EXERCISE REQUIREMENTS =>
Without copying any picture, return all lines below exactly.

INFORMATION PROVIDED =>
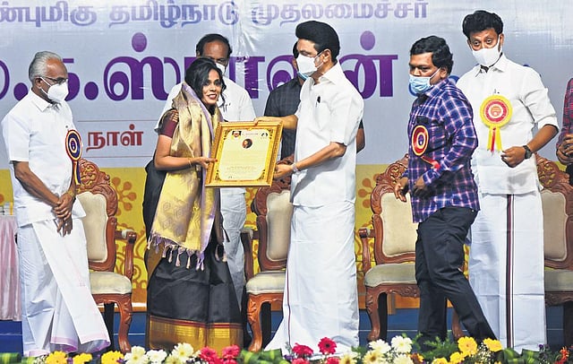 The CM also said he has provided 1.5 lakh books to several libraries including the Srilanka Yalpanam library. These books were presented to him. Stalin, during the ceremony, presented the Kalaignar MU Karunanidhi Porkizhi Award to journalist Samas, veteran theatre director Prasanna Ramasamy, poet Asaithambi, poet and short story writer A Vannila and Malayalam writer Meena Kandasamy. He also presented other literary and BAPASI awards.
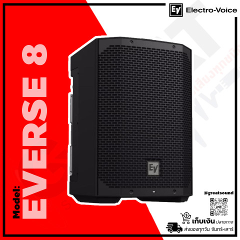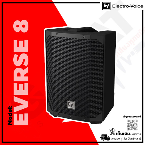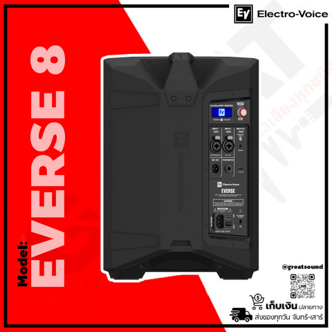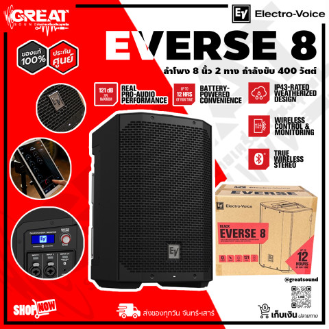 EV EVERSE 8 ลำโพงพกพา 2 ทางขนาด 8 นิ้ว ที่ให้พลังเสียงระดับโปรด้วยแอมป์ในตัว Class-D กำลังขับ 400 วัตต์ พร้อมความสะดวกสบายสำหรับการใช้งานนอกสถานที่ด้วย แบตเตอรี่ในตัว, Bluetooth audio และการควบคุมผ่านแอพ EV QuickSmart Mobile เสริมความอุ่นใจด้วยมาตรฐาน กันน้ำ/ละอองน้ำ IP43 เหมาะทั้งงานอีเวนต์ งานพูด งานแสดงสด หรือเปิดเพลงในพื้นที่กลางแจ้ง
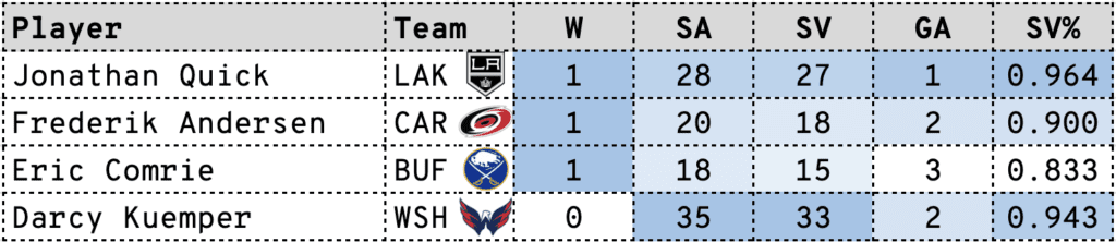Jonathan Quick had his best start of the season Monday as he stopped 27 of 28 shots (.964 SV%) to lead the 6-5-0 Kings to their second win in a row. Gabe Vilardi continued his scorching start to the season as he picked up a goal (8) and an assist to bring his team lead in points to 13 (8G/5A) in 11 games.
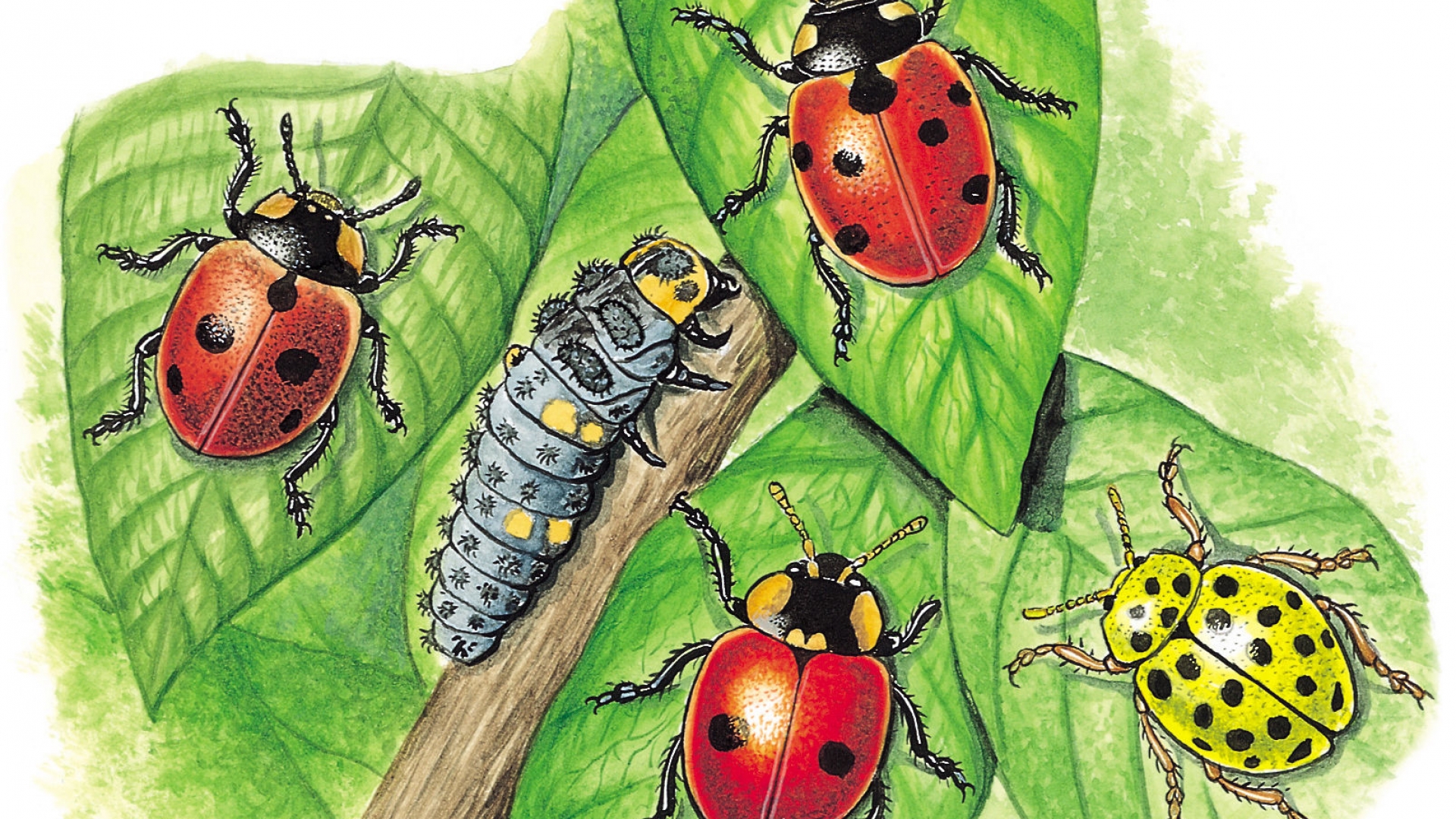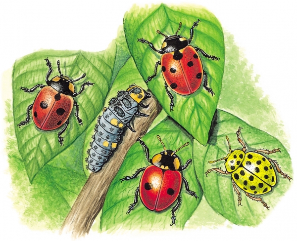 Familie der Käfer mit weltweit ca. 4000 Arten. Die halbkugeligen Käfer tragen auffällige schwarze, gelbe oder rote Punkte auf leuchtend roten, braunen, schwarzen oder gelben Flügeldecken; Zahl und Anordnung der Punkte variieren von Art zu Art, aber auch von Individuum zu Individuum. Die Marienkäfer und ihre Larven ernähren sich vorzugsweise von Blattläusen und sind daher äußerst nützliche Schädlingsvertilger. Häufigste Art ist bei uns der Siebenpunkt, Coccinella septempunctata, Käfer des Jahres 2006.

WRITTEN ANSWER =>
 The CM also said he has provided 1.5 lakh books to several libraries including the Srilanka Yalpanam library. These books were presented to him. Stalin, during the ceremony, presented the Kalaignar MU Karunanidhi Porkizhi Award to journalist Samas, veteran theatre director Prasanna Ramasamy, poet Asaithambi, poet and short story writer A Vannila and Malayalam writer Meena Kandasamy. He also presented other literary and BAPASI awards.
 EV EVERSE 8 ลำโพงพกพา 2 ทางขนาด 8 นิ้ว ที่ให้พลังเสียงระดับโปรด้วยแอมป์ในตัว Class-D กำลังขับ 400 วัตต์ พร้อมความสะดวกสบายสำหรับการใช้งานนอกสถานที่ด้วย แบตเตอรี่ในตัว, Bluetooth audio และการควบคุมผ่านแอพ EV QuickSmart Mobile เสริมความอุ่นใจด้วยมาตรฐาน กันน้ำ/ละอองน้ำ IP43 เหมาะทั้งงานอีเวนต์ งานพูด งานแสดงสด หรือเปิดเพลงในพื้นที่กลางแจ้ง
Jonathan Quick had his best start of the season Monday as he stopped 27 of 28 shots (.964 SV%) to lead the 6-5-0 Kings to their second win in a row. Gabe Vilardi continued his scorching start to the season as he picked up a goal (8) and an assist to bring his team lead in points to 13 (8G/5A) in 11 games.
 Familie der Käfer mit weltweit ca. 4000 Arten. Die halbkugeligen Käfer tragen auffällige schwarze, gelbe oder rote Punkte auf leuchtend roten, braunen, schwarzen oder gelben Flügeldecken; Zahl und Anordnung der Punkte variieren von Art zu Art, aber auch von Individuum zu Individuum. Die Marienkäfer und ihre Larven ernähren sich vorzugsweise von Blattläusen und sind daher äußerst nützliche Schädlingsvertilger. Häufigste Art ist bei uns der Siebenpunkt, Coccinella septempunctata, Käfer des Jahres 2006.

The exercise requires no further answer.